=== Section Start ===

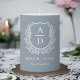Modern Monogram Wedding Dusty Blue Crest Pillar Candle
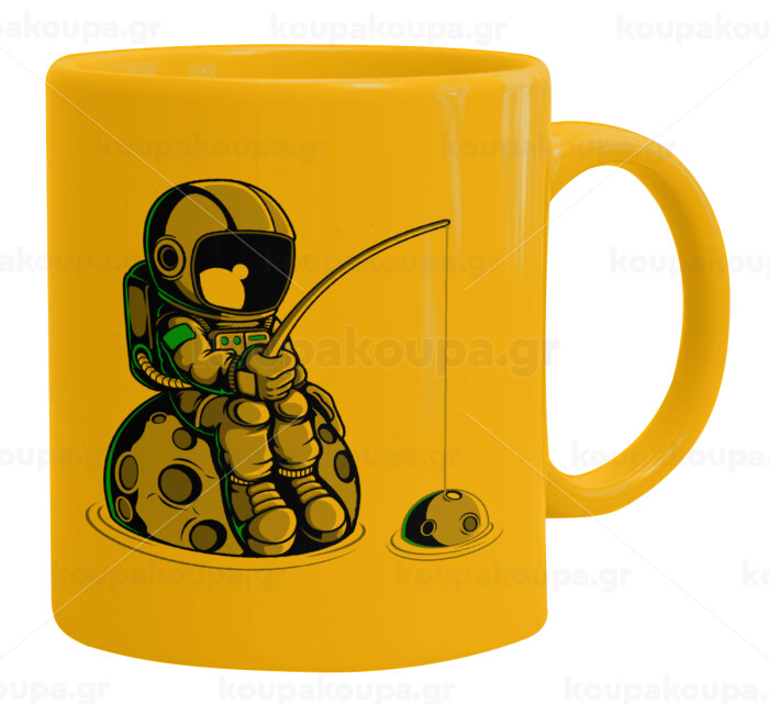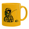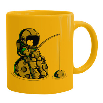 Little astronaut fishing, Ceramic coffee mug yellow, 330ml
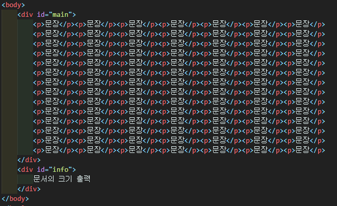 의미 없는 p태그로 가득 체워진 웹 문서에서 크기를 구해보도록 한다.
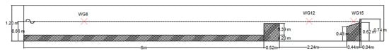The two-dimensional numerical wave tank is adopted from Jin [42], and is 16 m long, 1.5 m wide, and 1.2 m high, as shown in Figure 4. For computation efficiency, the channel length of the physical experiment is shortened. The wave generates at a distance of two wavelengths (8 m) away from the first dike element. This distance enables the wave maker to generate stable waves before waves reach the operation zone where the dike elements are located. The slope that levels up the channel bottom by 0.2 m in the physical experiment is ignored in the numerical simulation. The channel bottom is at 0.2 m from the beginning of the numerical wave tank to simulate the last 8 m of the physical water channel. Therefore all structural elements are relocated to new positions in the simulation. The specific values of each element are shown in the Table 3. The wave gauges locations are shown in the Table 4.
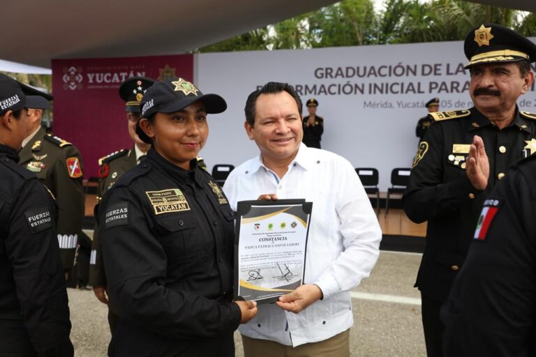 Al encabezar la graduación de la Generación 75 de Formación Inicial para Policía de Proximidad, el mandatario señaló que hoy más que nunca, Yucatán necesita policías que estén cerca de la gente, que entiendan las necesidades de cada comunidad y trabajen con dedicación para garantizar la paz y la tranquilidad del estado.
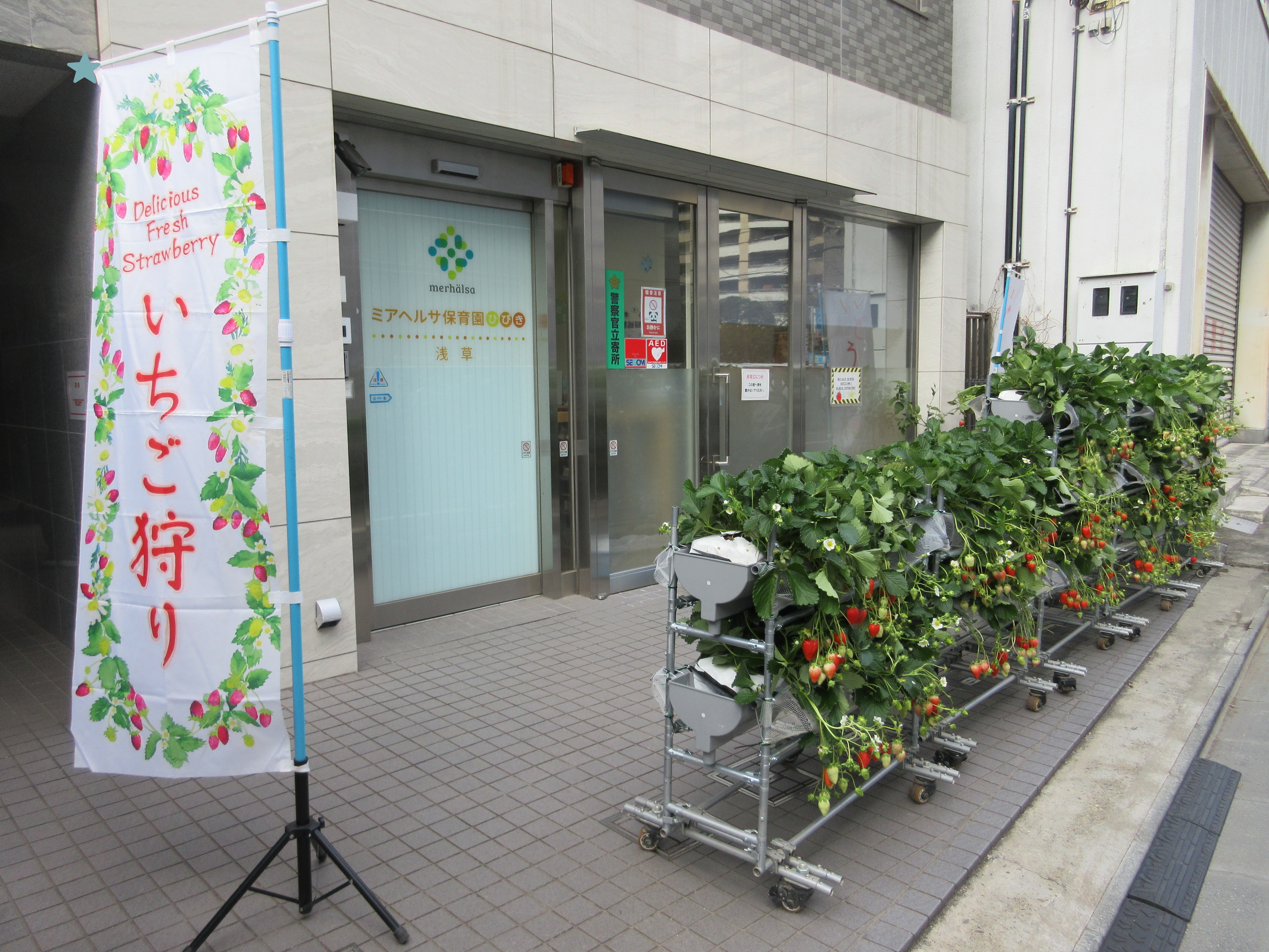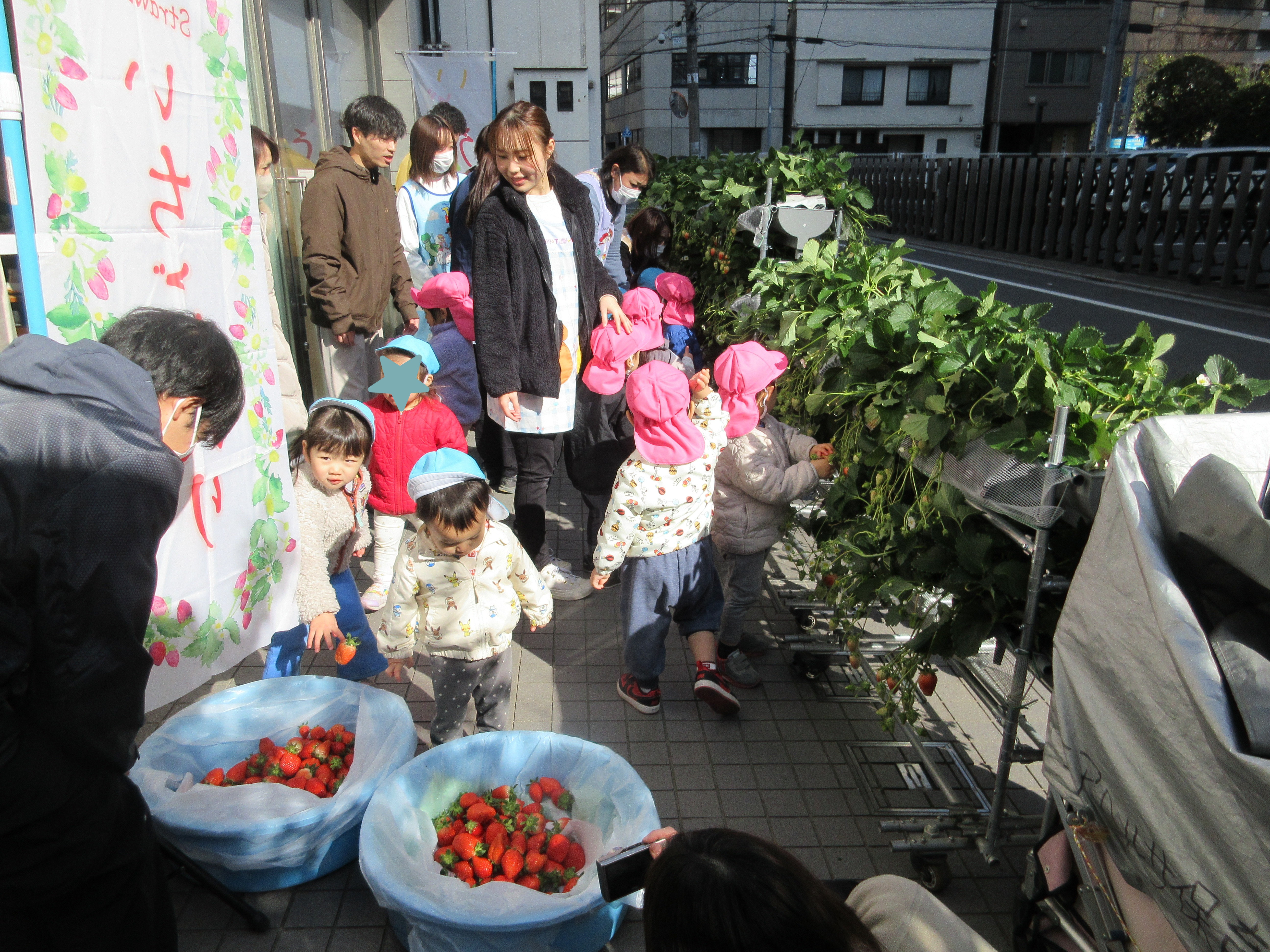 なんと!保育園の前にいちご畑が!!
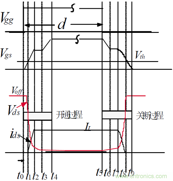 -- [t0-t1]區間,MOSFET 的GS 電壓經Vgg 對Cgs充電而上升,在t1時刻,到達維持電壓Vth,MOSFET 開始導電;
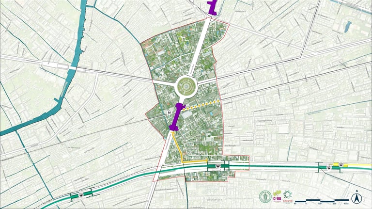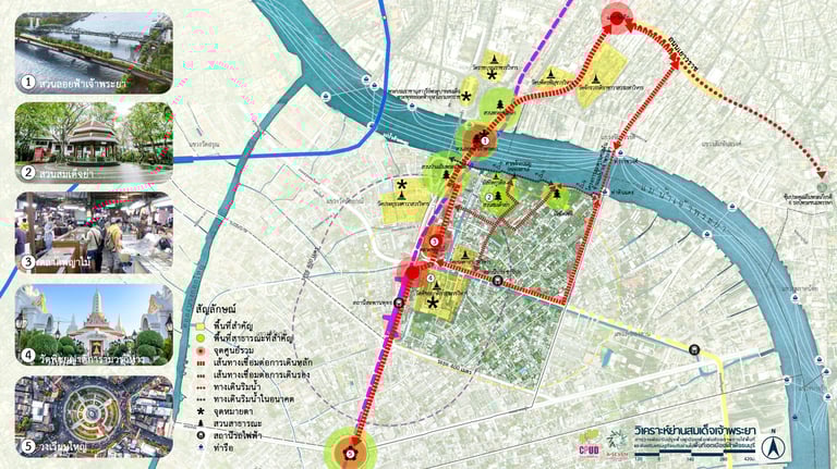 The Somdet Chaophraya area is a residential area located along the Chao Phraya River. It is a historic area with significant arts and culture, benefiting from the social and cultural capital inherent in the area, which can be leveraged for new creations. However, due to its location in a historic area, some parts of the area are restricted from development because of building height controls, which may affect future development. Regarding the internal transportation system, it lacks continuity and connection with other routes, especially with the main roads. Another significant problem in the area is the heavy traffic congestion during peak hours, particularly at the small clock tower roundabout. In the future, the arrival of the Purple Line (the MRT Chalong Ratchatham Line project) will make accessing the area easier, helping to reduce traffic congestion during peak hours. However, if these limitations can be addressed, the Somdet Chaophraya area will become even more livable due to the increase in public spaces and the complete integration of infrastructure to create a "Walkable City" that supports a high quality of life and accommodates the dynamics of changes in transportation and people's lifestyles in the future, which will help improve the quality of life and community economy.
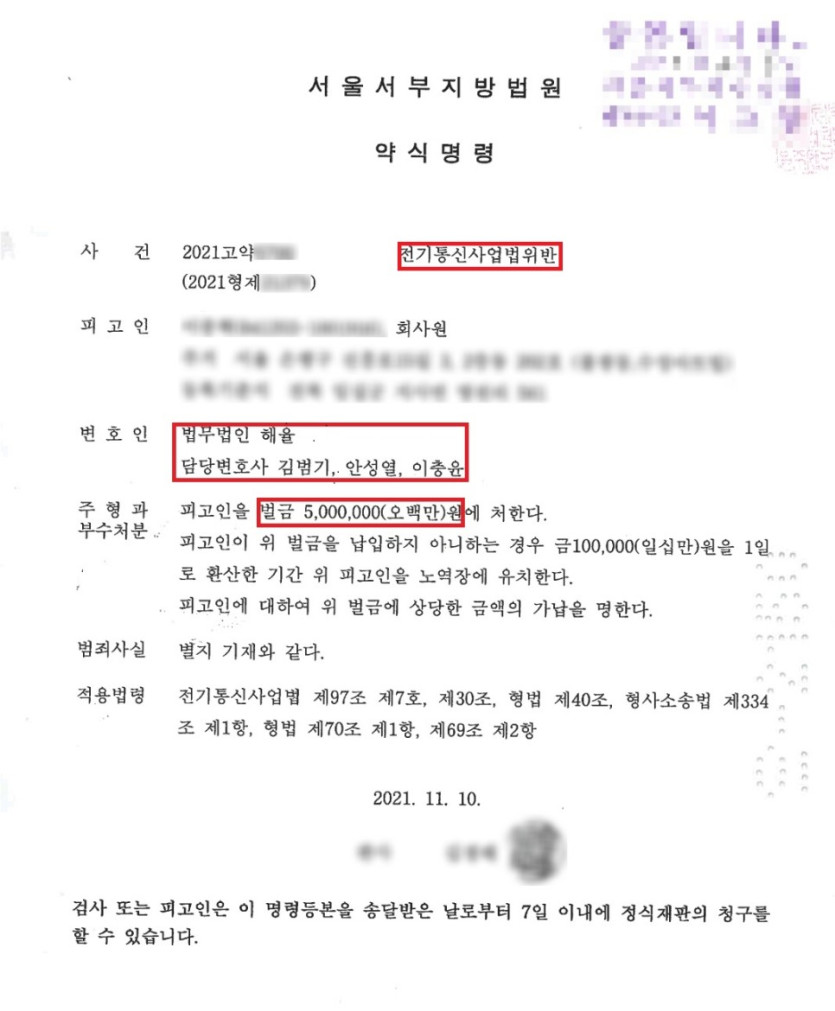 [보이스피싱]보이스피싱 피의자를 변호해 전기통신법 위반만 약식명령으로 처벌
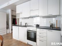 Keittiön varusteet: Jääkaappipakastin, liesi, liesituuletin ja astianpesukone. Liesi: Keraaminen liesi.

=== Section End ===

An exact copy of the lines above from the one with "Little astronaut fishing, Ceramic" up to and including the one with "의미 없는 p태그로 가득 체워진 웹 문서에서 크기를 구해보도록 한다." is required; reproduce only those lines, omitting all pictures.

▸ Result:
 Little astronaut fishing, Ceramic coffee mug yellow, 330ml
 의미 없는 p태그로 가득 체워진 웹 문서에서 크기를 구해보도록 한다.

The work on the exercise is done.